Fisheries Service Crafting Steps to Delist Salmonby Associated Press
Seattle Times - March 28, 2002
HERMISTON, Ore. -- The National Marine Fisheries Service is drawing up conditions under which Pacific Coast salmon populations could be removed from the federal Endangered Species List, officials said.
Bob Lohn, regional administrator for the fisheries service, said the agency also will detail in its report how many fish will need to be living and breeding in the Columbia and Snake river systems before they can be taken off the list.
Federal courts will need to address whether a significant number of fish have to be born and raised in the wild before a species is delisted, Lohn said.

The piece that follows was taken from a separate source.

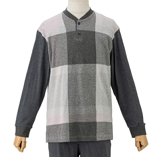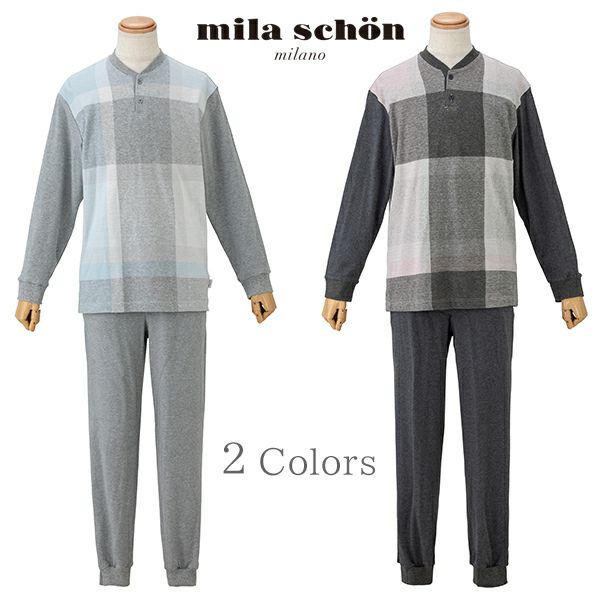 [紳士] ダブル ジャガード 大きいチェック柄 / スムース 無地 メンズ パジャマ 【mila schon】

The report will not automatically delist any of the 26 listed salmon populations, Brian Gorman, the fisheries-service spokesman in Seattle, said yesterday.
"Last summer, when we decided not to appeal a district-court decision that called into question our policy of not listing hatchery fish, we said we needed to address nearly all the salmon and steelhead listings on the Pacific Coast," Gorman said.
Of the 26 listed populations, he said, 24 include some hatchery fish.
Gorman said some populations have not been reviewed in years.
Gorman said hearings would be required and populations could be removed by late next year at the earliest.
Lohn said the salmon runs this year "have been unparalleled since Bonneville Dam opened" in the late 1930s.
He said research shows high salmon runs coincide with years when there is high water runoff and moderate temperatures.
These occurrences run in 15- to 25-year cycles, and Lohn said he thinks this is the beginning of a strong cycle now.